A storm, a declaration, and a plow fire


by Brandon Mayer, Local Journalism Initiative Reporter

Many parts of Ontario were hit hard by a severe winter storm last week, the aftermath of which lasted several days. In North Dundas, the storm on Monday, January 17 was reported to have been the largest the area has seen since 2016. Winchester saw a dumping of over 40cm of snow within less than a 24-hour period, while some places west of the area are reported to have had even more snow.

The agency which oversees school bus transportation in the region – Student Transportation of Eastern Ontario (STEO) – made the rare decision to cancel buses the day before the storm, before the first snowflake fell. Several hours after the initial decision was made, it was announced that schools in the region would be closed to staff and students as well, over concerns that not enough staff would make it in to supervise any students who arrived. Transportation was virtually impossible on unplowed side roads in the region for most of the day on Monday.

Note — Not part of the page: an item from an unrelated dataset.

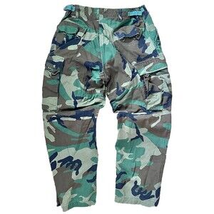 Vintage 90s US Army Camo Cargo Pants Adjustable. Great pants in great condition, average amount or wear and fade to be expected from age but these are super well kept and have minimal flaws. A couple of paint spots which I have pictured but other than that in great vintage condition Dont miss out on these sick vintage camo cargos!

School buses were again cancelled by STEO on January 18, though schools remained open. While Tuesday’s weather was sunny, many side roads had not yet been plowed, and blowing winds re-covered most roads which had been plowed, causing large snow drifts. Another lighter snowfall hit the area on January 19, with about 10cm of accumulation. School buses were not officially cancelled, causing disapproval from many parents due to the road conditions. But over 200 individual bus delays or cancellations were reported in STEO’s coverage area.

The Township of North Dundas made a declaration of a “Significant Weather Event” on the morning of January 18, letting residents know that area roads would not be maintained to the usual standard due to several factors, including the ongoing weather event, two snow plows out of commission, and other “unforeseen circumstances.” The declaration was made for a 72-hour period, and read in part: “The public is advised to exercise caution when travelling on roadways and sidewalks, avoid any unnecessary travel, and, if possible, stay at home, as it may take longer than usual to restore conditions back to a normal state.”

One issue which hurt the road clearing operations in North Dundas was a snow plow fire, which destroyed one of the Township’s own trucks. A picture of the destroyed truck was posted on the Township’s Facebook page, with a message from Mayor Tony Fraser thanking Municipal employees for their hard work. The post notes that other Township equipment was also put out of service by the fire, though the details of this are unclear.

Many readers have likely seen recent ads on television and streaming services promoting a Government of Canada information base called “Get Prepared.” The website aims to provide information to Canadians on understanding the emergency and disaster risks in their area, as well as how to make an emergency plan and an emergency kit. Storms such as the one last week reinforce the message that being prepared for natural disasters should be a priority. The Get Prepared online resource can be accessed at www.getprepared.gc.ca/index-en.aspx.